- _TASK TO CARRY OUT_: Each line below from the line with "제 드라이브에서 darknet이라는" to the line with "外国語科の授業の始めに英語を使って挨拶をし合いました。How are you?" must be copied exactly, including those two, and no picture may appear in the copy.

- _ENTRIES SHOWN_:
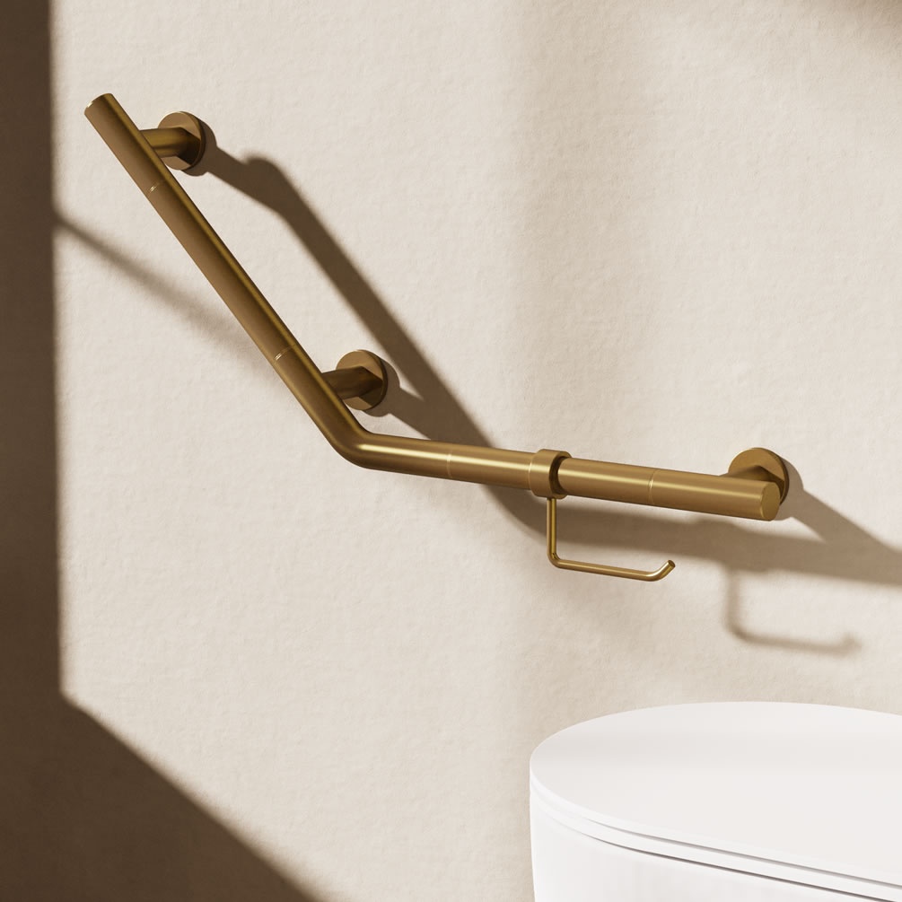 An accessible bathroom doesn't have to mean an unglamorous one these days, as this elegant dual-function grab bar demonstrates. Part support rail, part toilet roll holder, this Crosswater item fits securely to your bathroom wall to serve as a multifaceted modern accessory. It's constructed from 304 stainless steel with a PVD brushed brass finish, bringing a sense graceful radiance to enrich your space. The rail provides reliable grip for those with mobility issues, allowing them greater independence in their daily lives. The toilet roll holder, meanwhile, can be removed if desired, allowing you to place the rail elsewhere in your bathroom if preferred.
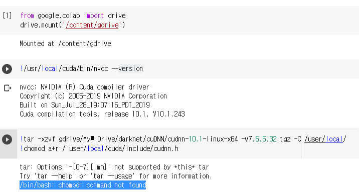 제 드라이브에서 darknet이라는 폴더를 만들고 그 안에cuDNN이라는 폴더를 만든 뒤 이 파일을 넣고 실행을 했더니 아래와 같이 'tar: Options '-[0-7][lmh]' not supported by *this* tar
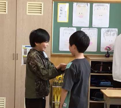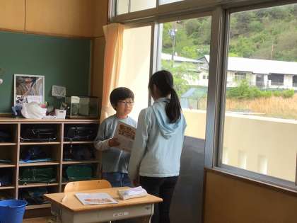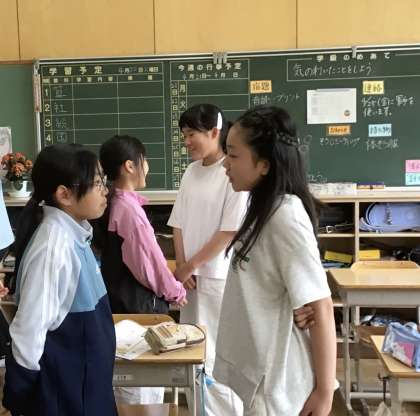 外国語科の授業の始めに英語を使って挨拶をし合いました。How are you? I am fine.などとアイコンタクト、リアクション等に気をつけながら、会話をしました。終わった後は、「自分と同じ答えの人がたくさんいた」などと言って、嬉しそうにしている子がたくさんいました。
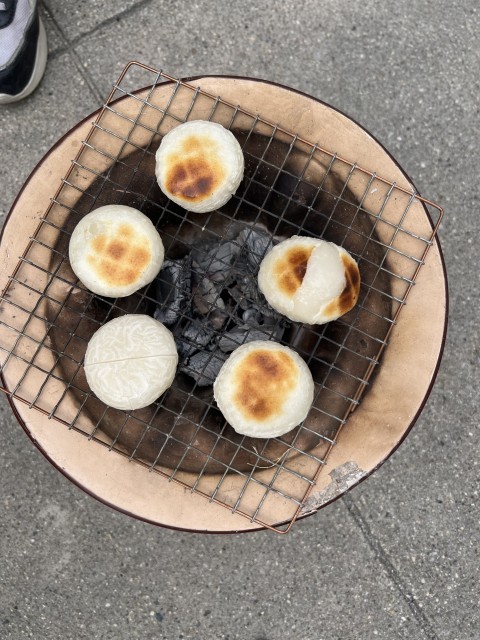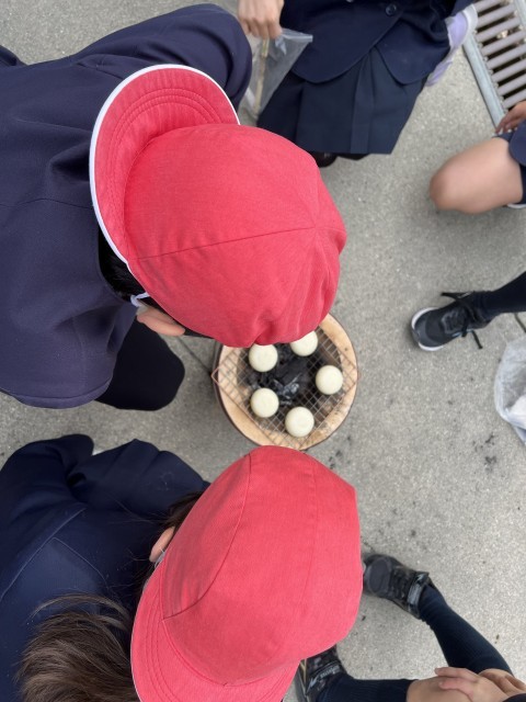 3年生は、社会科の学習で昔から使われてきた道具「七輪(しちりん)」でおもちを焼きました。はじめに七輪のしくみについて学び、空気の通り道があることで火がよく燃えることなどを知りました。実際におもちを焼く体験をすると、炭が燃えるのに時間がかかったり、うちわであおぐのが大変だったり、昔の人は毎日やっていたと思うとすごいね、と言っていました。また、子どもたちは網の上でふくらんだり割れ目が入ったりするおもちの様子を興味深そうに見ていました。焼きあがったおもちは、みんなでおいしくいただきました。昔の道具について学ぶことができ、とても貴重な体験ができました。
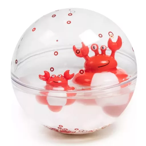 A Petit Boum Happy Bubble Rákok egy különleges, vízben lebegő szenzoros labda, amely vidám tengeri hangulatot varázsol a fürdőkádba. A buborékos golyó belsejében két kedves piros rák úszkál apró szemcsék között, miközben finoman mozognak a víz hatására. Ez a bájos játék nemcsak a fürdőzés élményét teszi még szórakoztatóbbá, hanem a baba érzékszervi fejlődését is támogatja – természetes, megnyugtató módon.
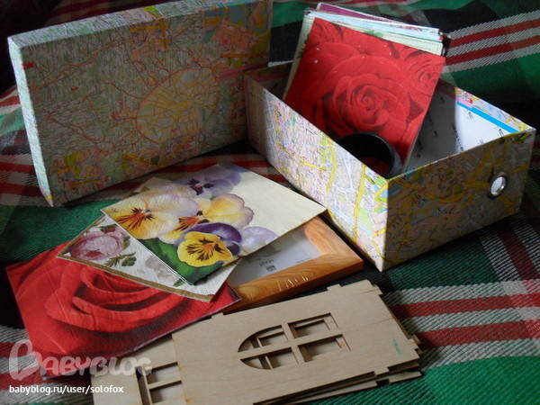 Вот и мой географический декупаж. Коробка для моих декупажных салфеток и заготовок. Правда ещё лаком не покрывала. И хочу ещё машинки на крышку прилепить. Всё же был атлас автомобильных дорог Москвы и московской области. Мастер-класс тут на сайте смотрела(декупаж на картоне). Сделала на обувной коробке.
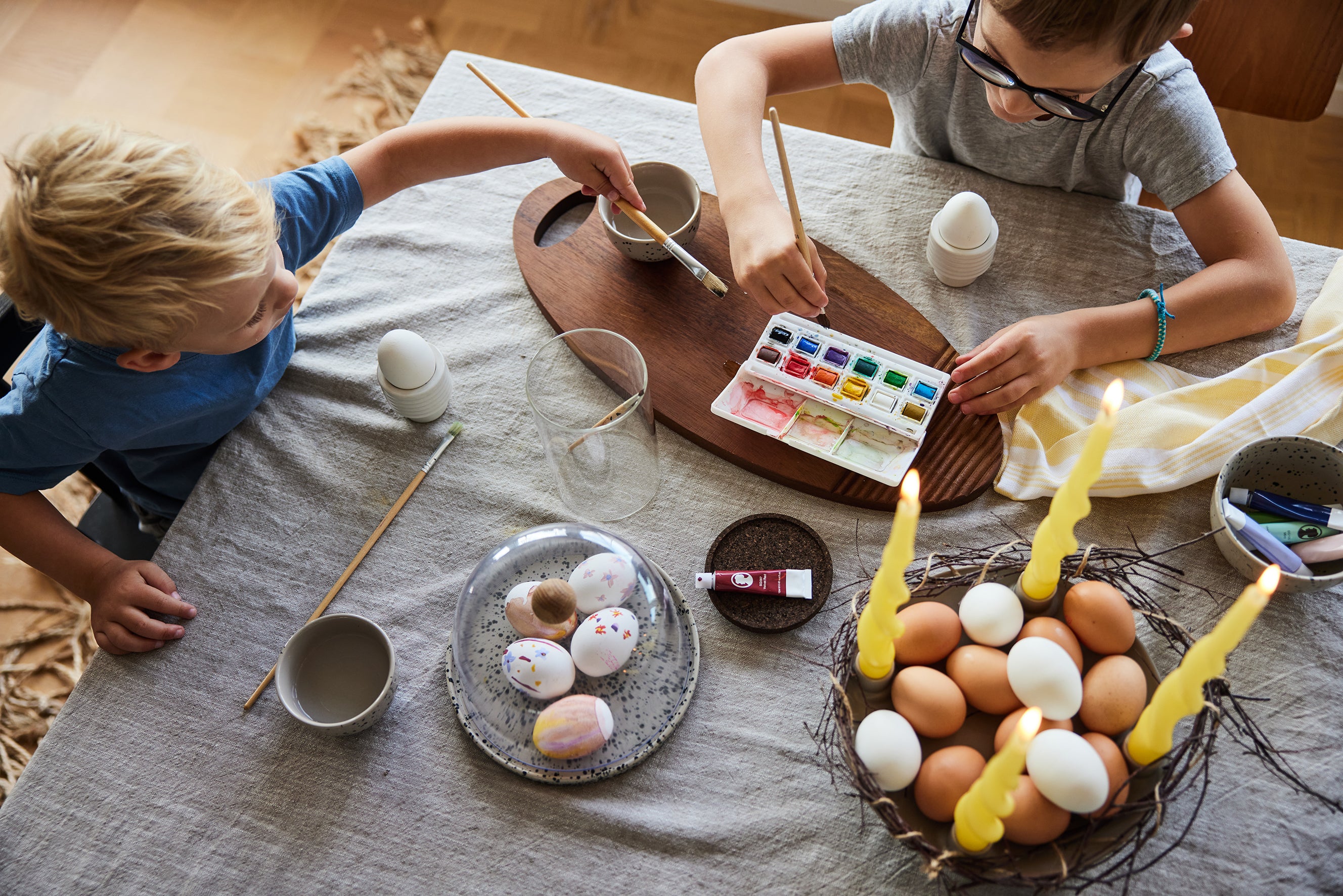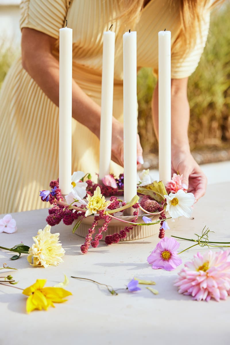 Fatet med fyra ljus kan med fördel dekoreras efter säsongens alla högtider men är även fin som den är.
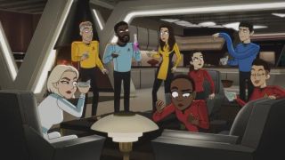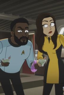 Pojawienie się kreskówkowych postaci w świecie live-action wypada przyzwoicie, ale też nikt nie wymaga od widza znajomości animowanego serialu. Pierwsza kreskówkowa sekwencja właściwie wystarczy, aby połapać się w tej historii. Jest to świat Star Treka, tutaj pojawienie się podróżników w czasie jest normalnym dniem w biurze, więc też widzowie zapewne są zaprawieni w tego typu sytuacjach. Inna sprawa, że naprawdę zabawnie wypada sposób, w jaki Jack Quaid i Tawny Newsome wypadają w aktorskiej wersji. Ich ekspresja przypomina to, co widzowie oglądają w serialu animowanym i te oczywiste sugestie są zwyczajnie zabawne.
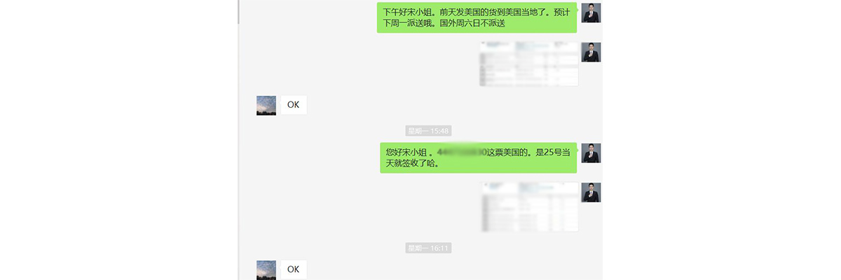 我们客服专员给宋小姐推荐的渠道是:美国海派双清包税到门,尾端卡车派送。 货由我们从佛山提回广州安排装柜, 海运时效约25~35天就可以派送到门,单价全广最低价不到10元/KG 的单价,客户对价格相当满意。
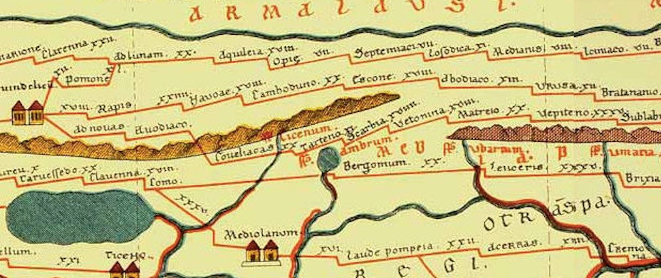 The Tabula Peutingeriana, in fact, has two Abodiacos: they are the same village. It stands at the crossroads of two Roman roads : the Via Claudia Augusta, where it’s just after the station ‘ad novas’ on the road out of Augusta Vindelicum/Augsburg, and the salt road that partly connected Lake Constance (Brigantium) to Salzburg (Iuvavum).
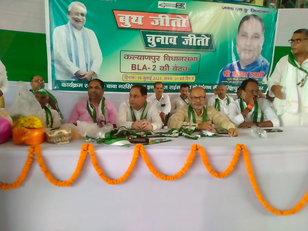 बैठक में विशेष गहन पुनरीक्षण के विषय में विस्तार से चर्चा की गई एवं सभी बीएलए को पुनरीक्षण के विषय में आम जनमानस में प्रचार प्रसार करने एवं भ्रांतियों को दूर करने हेतु अनुरोध किया गया ।मौके पर जिला अध्यक्ष जदयू श्री दुर्गेश कुमार राय सहित विभिन्न जनप्रतिनिधि गण एवं बी एल ए मौजूद रहे।
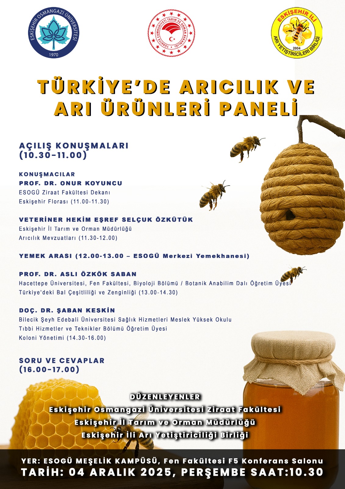 Eskişehir Osmangazi Üniversitesi Ziraat Fakültesi, Eskişehir İl Tarım ve Orman Müdürlüğü ve Eskişehir İli Arı Yetiştiriciliği Birliği ortaklığı ile düzenlenen “Türkiye’de Arıcılık ve Arı Ürünleri Paneli” 4 Aralık Perşembe günü Fen Fakültesi F5 Konferans Salonunda gerçekleştirilecektir. Tüm personellerimiz ve öğrencilerimiz davetlidir.
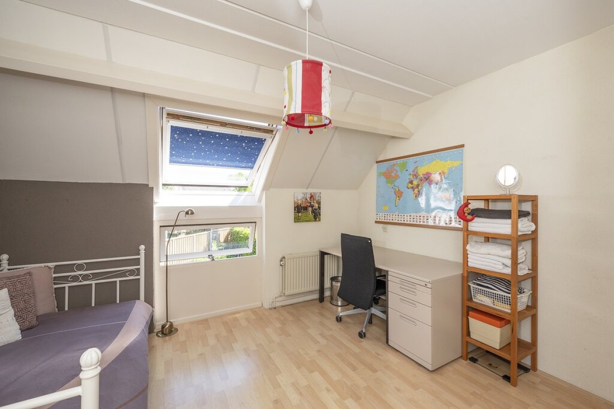 Via een vaste trap is de tweede verdieping te bereiken. Hier kom je op de voorzolder met veel bergruimte en vervolgens is hier nog een leuke derde slaapkamer gerealiseerd.
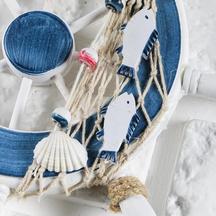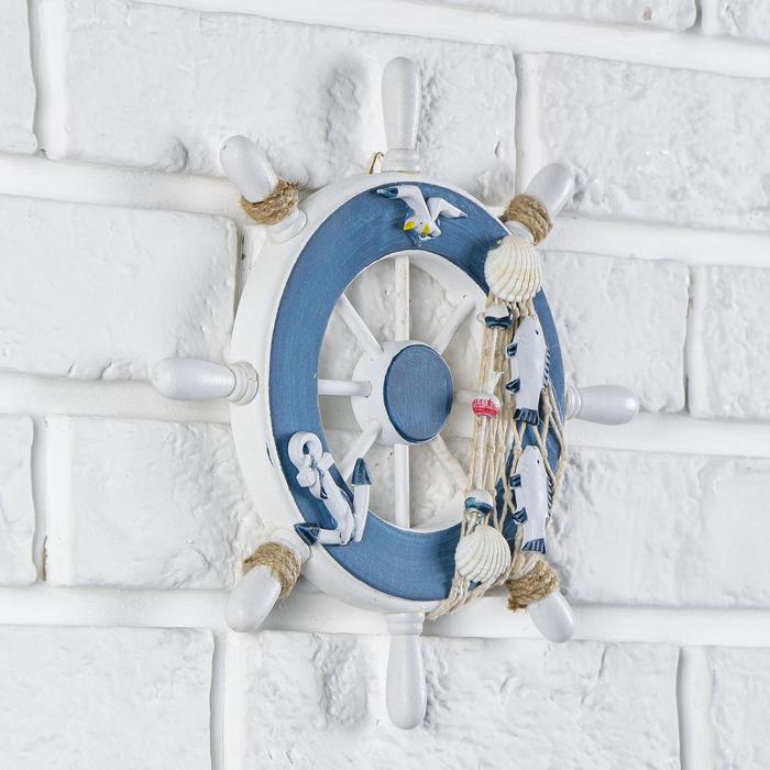 Декор интерьерный «Штурвал» на стену, бело-синий, 23 х 23 х 1,5 см
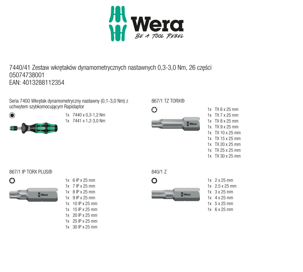 7440/41 Zestaw wkrętaków dynamometrycznych nastawnych 0,3-3,0 Nm, 26 części
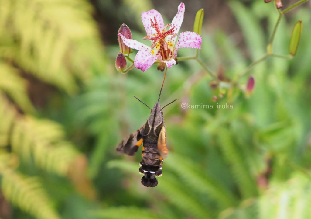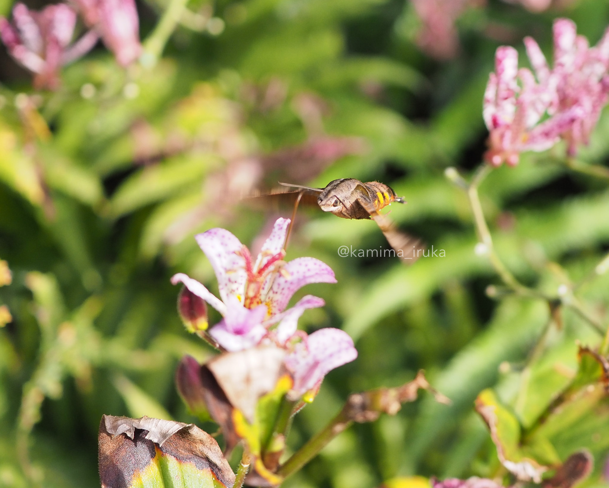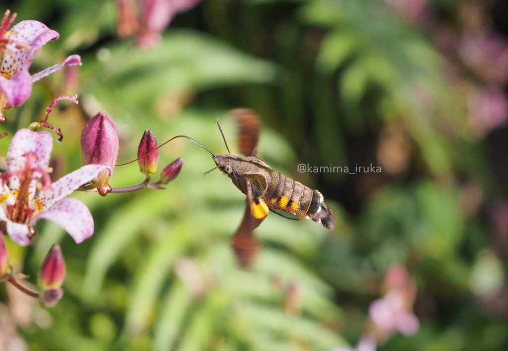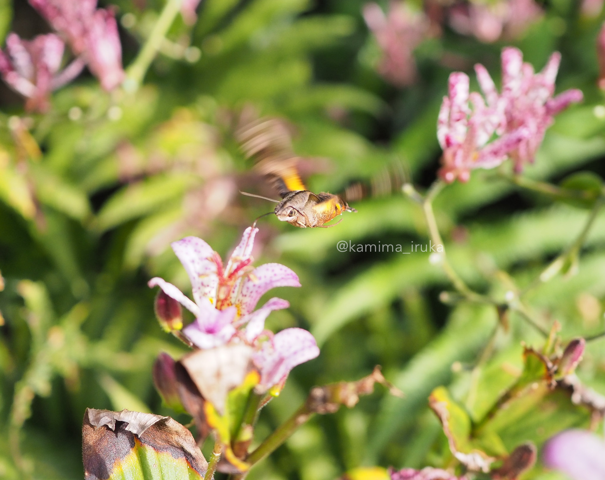 ホシホウジャクは脚を花にふれさせずに、完全にホバリングしながら蜜を吸います。

- _RESPONSE TO THE TASK_:
 제 드라이브에서 darknet이라는 폴더를 만들고 그 안에cuDNN이라는 폴더를 만든 뒤 이 파일을 넣고 실행을 했더니 아래와 같이 'tar: Options '-[0-7][lmh]' not supported by *this* tar
 外国語科の授業の始めに英語を使って挨拶をし合いました。How are you? I am fine.などとアイコンタクト、リアクション等に気をつけながら、会話をしました。終わった後は、「自分と同じ答えの人がたくさんいた」などと言って、嬉しそうにしている子がたくさんいました。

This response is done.